====== TASK DATA

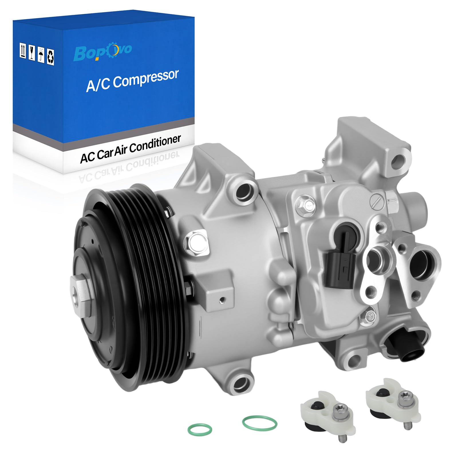 - High Performance A/C Compressor — The air conditioning compressor is manufactured using high quality aluminum and reinforced steel components to ensure superior strength, corrosion resistance and long lasting durability. This air conditioning compressor can withstand high pressure conditions and extreme temperatures, providing stable, efficient cooling operation over a longer service life
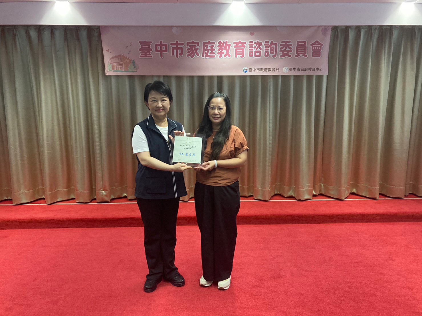 教育局長蔣偉民表示,盧市長相當重視家庭教育,她也是家庭教育諮詢委員會的主任委員,常常聆聽委員建議,主動走進民眾生活推廣家庭教育的重要性,也是政府部門努力的方向,此次推展家庭教育績優團體獎獲獎單位有台中市立圖書館外埔分館及豐原分館,績優志工個人獎為台中市家庭教育中心志工廖文輝先生、陳秀麗、陳秋萍及周靖雁女士,盧市長的授獎及鼓勵無疑是最大的支持與殊榮。
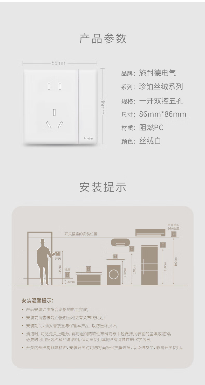 施耐德电气 86型开关插座面板 五孔插座带双控开关 丝绒白色 1个
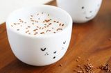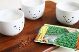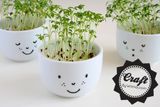 Нам понадобятся одинаковые монохромные чашки, белые, желтые, розовые - выбирайте по своему вкусу. Когда салат вырастет, чашки со свежим урожаем приобретут вид смешных мордашек с зелеными волосами.
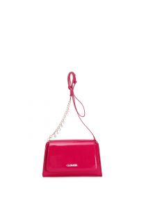 Shoulder bag with patent leather-effect flap. cross-body bag with removable contrasting chain and logo charms bag with one compartment and one zipped pocket. magnetic clasp.
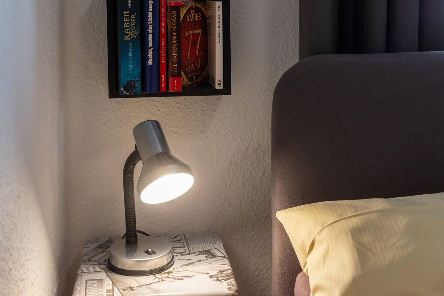 Die Wohnung verfügt über zwei Zimmer: ein separates Schlafzimmer mit Doppelbett sowie ein Wohnbereich mit Sofa, Esstisch, Kommode und TV (Sat-Anschluss), CD-Player und Radio. WLAN steht über einen GigaCube kostenfrei zur Verfügung.
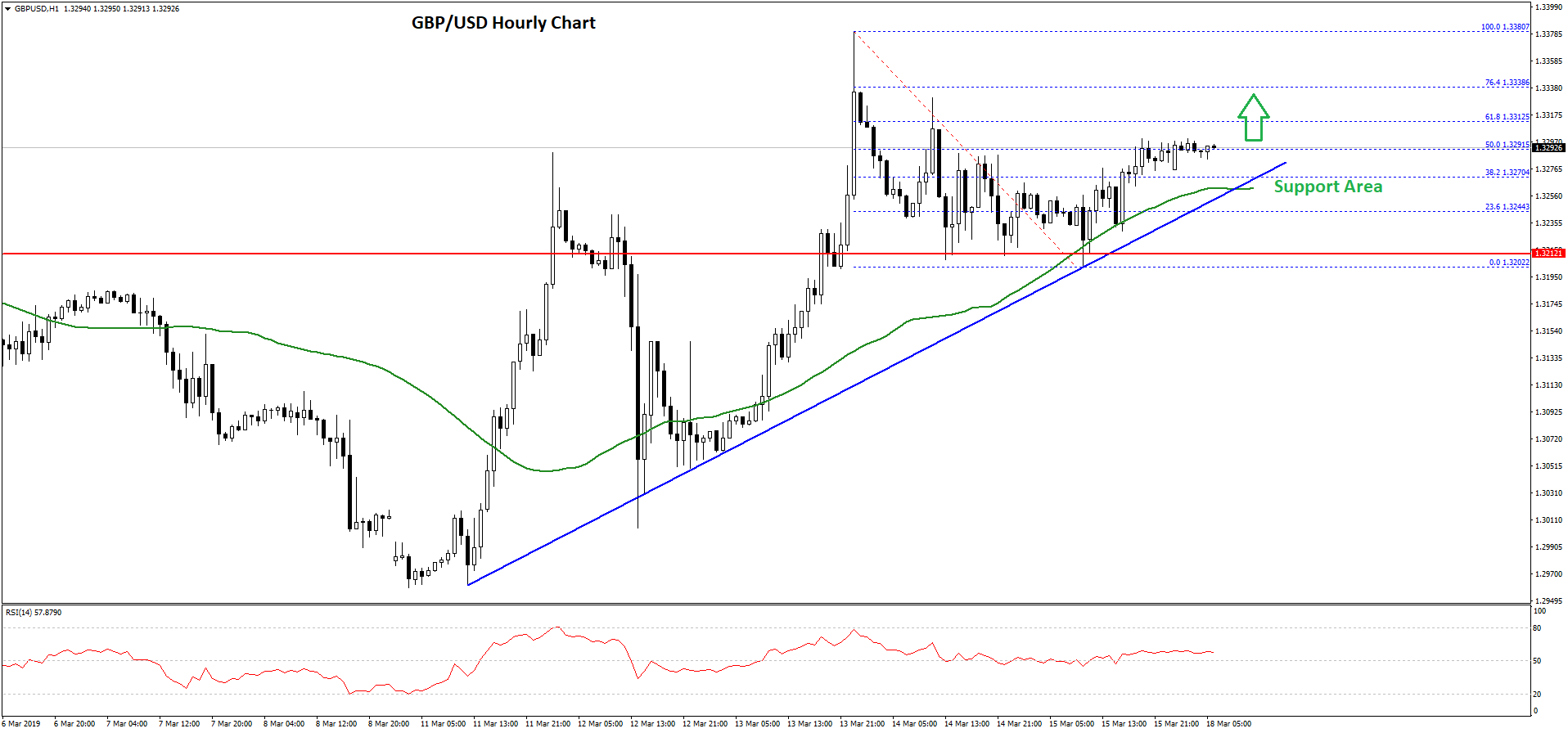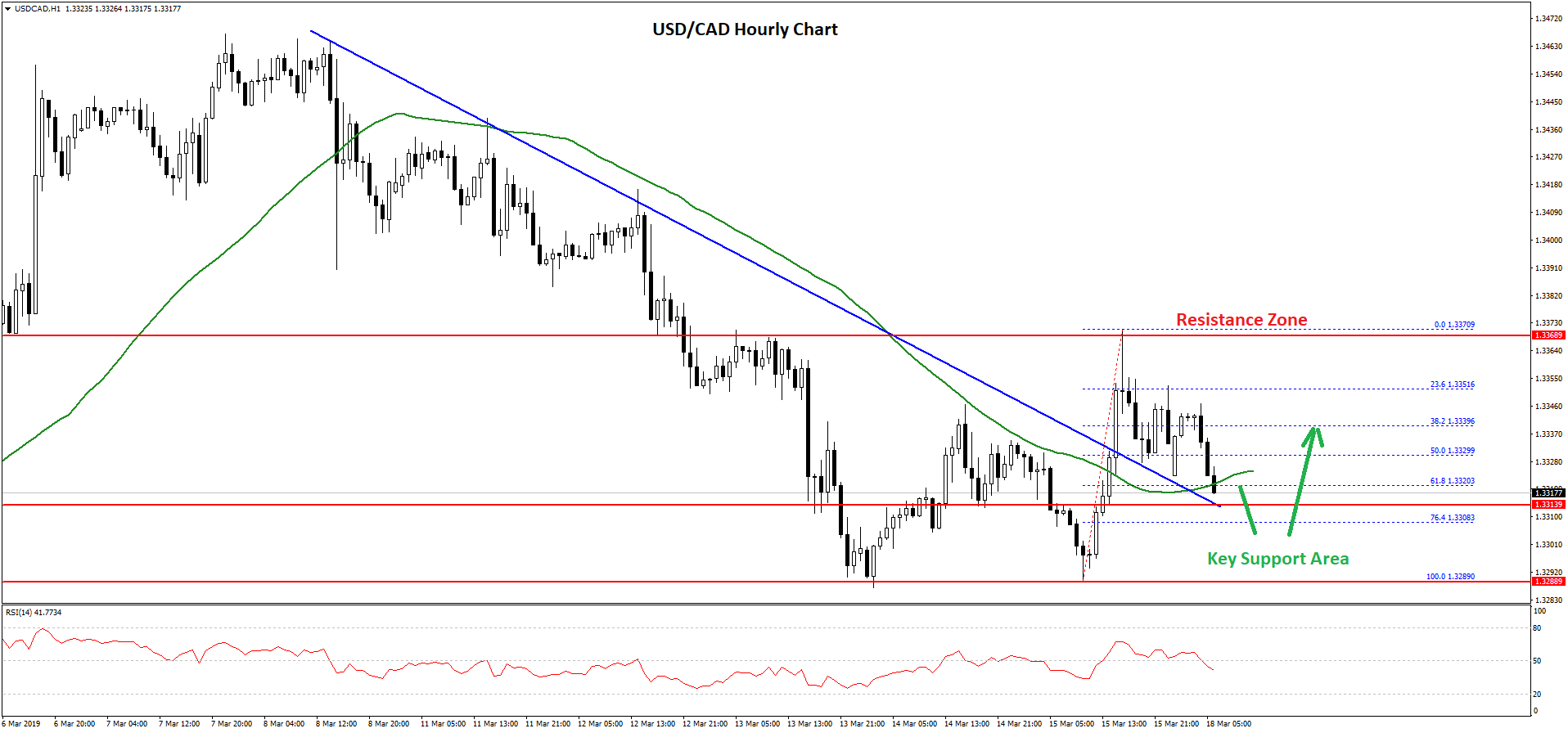 A low was formed at 1.3289 and later the pair formed a solid support base near the 1.3300 level. Finally, there was an upside break above 1.3320 level and a key bearish trend line with resistance at 1.3330 on the hourly chart.

============

ASSIGNED TASK: Without the pictures, give again exactly the lines above starting at the line containing "教育局長蔣偉民表示,盧市長相" and ending at the line containing "Нам понадобятся одинаковые".

RESPONSE TO THE EXERCISE:
 教育局長蔣偉民表示,盧市長相當重視家庭教育,她也是家庭教育諮詢委員會的主任委員,常常聆聽委員建議,主動走進民眾生活推廣家庭教育的重要性,也是政府部門努力的方向,此次推展家庭教育績優團體獎獲獎單位有台中市立圖書館外埔分館及豐原分館,績優志工個人獎為台中市家庭教育中心志工廖文輝先生、陳秀麗、陳秋萍及周靖雁女士,盧市長的授獎及鼓勵無疑是最大的支持與殊榮。
 施耐德电气 86型开关插座面板 五孔插座带双控开关 丝绒白色 1个
 Нам понадобятся одинаковые монохромные чашки, белые, желтые, розовые - выбирайте по своему вкусу. Когда салат вырастет, чашки со свежим урожаем приобретут вид смешных мордашек с зелеными волосами.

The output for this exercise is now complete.